# Money Exchange Rates and what can I do about it



## donieh (26 Dec 2010)

Hi Folks,

I would like to get thoughts or some advice on the transfer of money process from Irish account to US account.

To give you some background I have relocated to USA in the past 6 months with my company for 2 and a half years on a project. I continue to get paid in Ireland in Euro so as a result I need to transfer money to my USA account on a regular basis.
I currently have an online international transfer setup between my BOI account and my Bank Of America account and it takes approx 3 days for the dollar amount to appear. 
The problem I have is that I am not getting what I believe I expect from the transfer however maybe that is just the process and associated fees.

To aid here is one of my examples:

On 26th Oct I asked for $700 to get transferred from BOI which equated to €516.76 (rate of 1.354).
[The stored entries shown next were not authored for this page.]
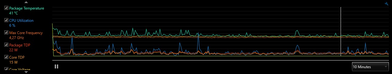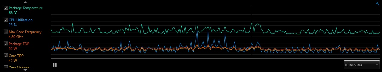 да как раз жм намазан норм, до момента когда я применил в биосе рекомендуемые от комрада выше настройки, в стоке скачки были небольшие, а тут прям стало как до скальпа примерно там где выделил курсором на телеметрии - отключил оперу и стим, и стало чуточку меньше бросать, но странно это, неужели опера так влияет... грешу еще на БП (Zalman ZM-600LX), но он вроде нормальный... может винду еще переустановить, давно ставил
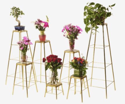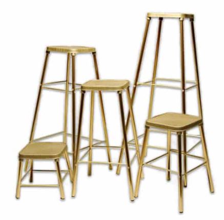 Gold-tone aluminum with non-rusting tops. Set includes stands of various heights that stack neatly upon on another for easy, compact storage.
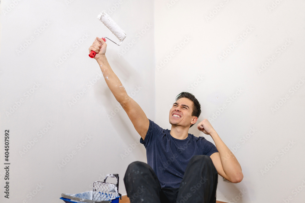 Young happy man portrait holding paint roller with raised arm. Painting, positive emotion, concept with copy space.
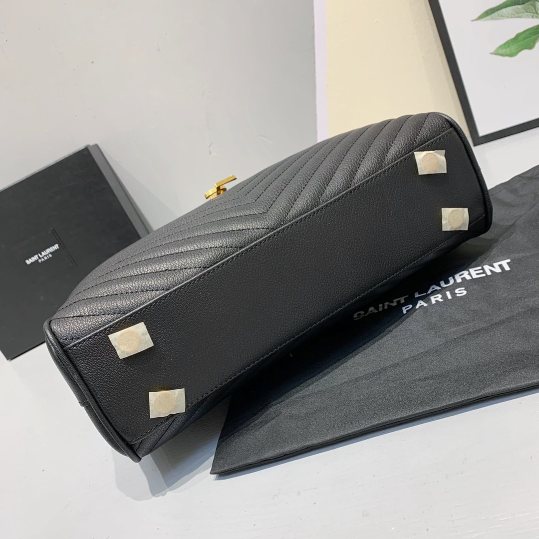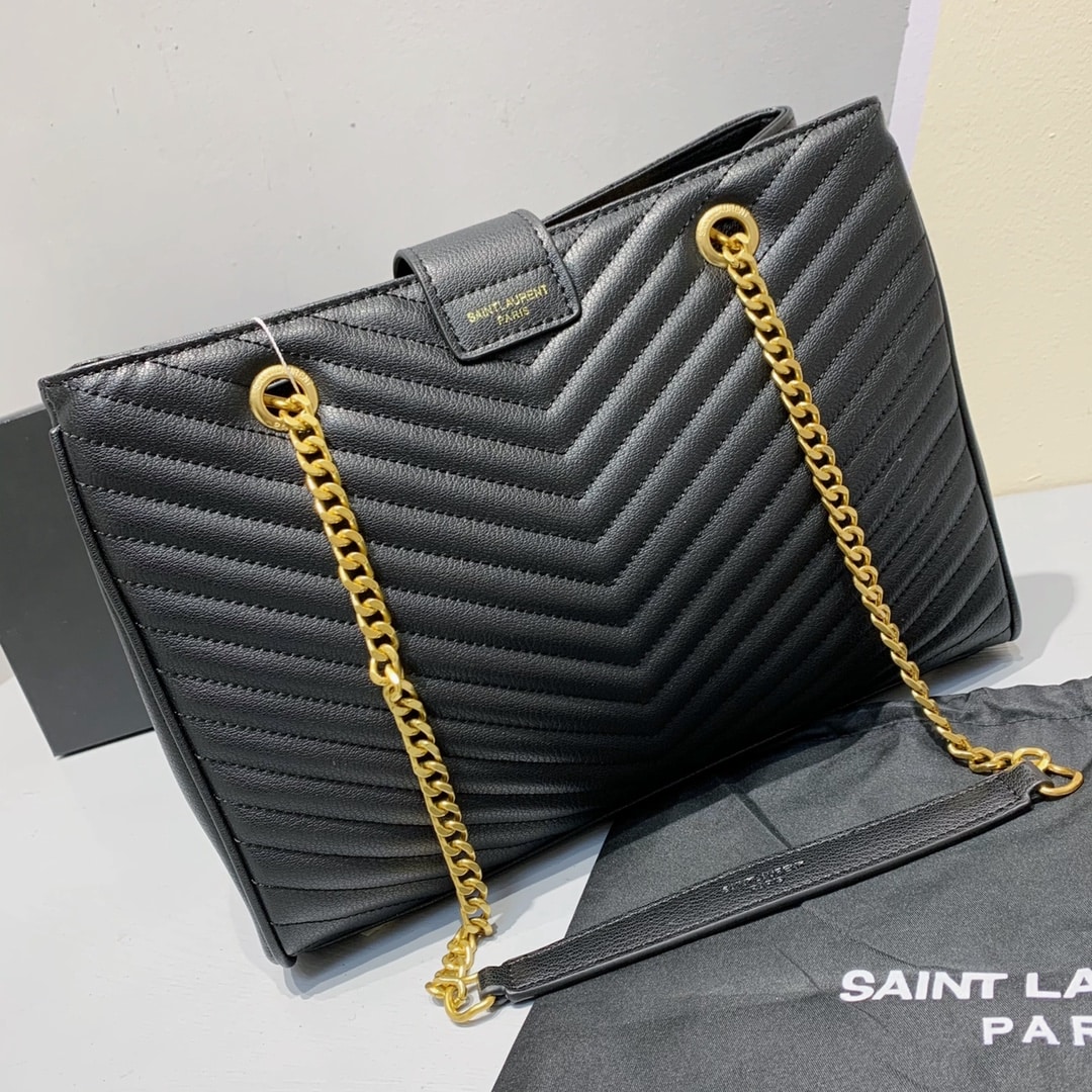 Saint Laurent Black Grain De Poudre Matelasse Chevron Monogram Shopping Bag Gold Hardware

I was charged €5 for this transaction _(This €5 is the same no matter how much I transfer)_

On 28th Oct I received into my Bank Of America account $672 and was charged $12 for this transaction.

In summary I transferred €516.76 and received $672 (equates to rate of 1.30) and was charged €5 and $12 on top of this. _(Again this $12 is the same no matter how much I transfer)_

Now on 2 exchange rate websites (Oanda.com and XE.com) the exchange rates for 26th Oct was 1.40 (oanda) and 1.387 (xe) and on 28th Oct it was 1.38 (oanda) and 1.39 (xe). For simplicity purposes I will take the average of these 4 (=1.39) then my €516.76 should've given me $718.30. 

This gives a difference of $46.40 from what I actually received ($672)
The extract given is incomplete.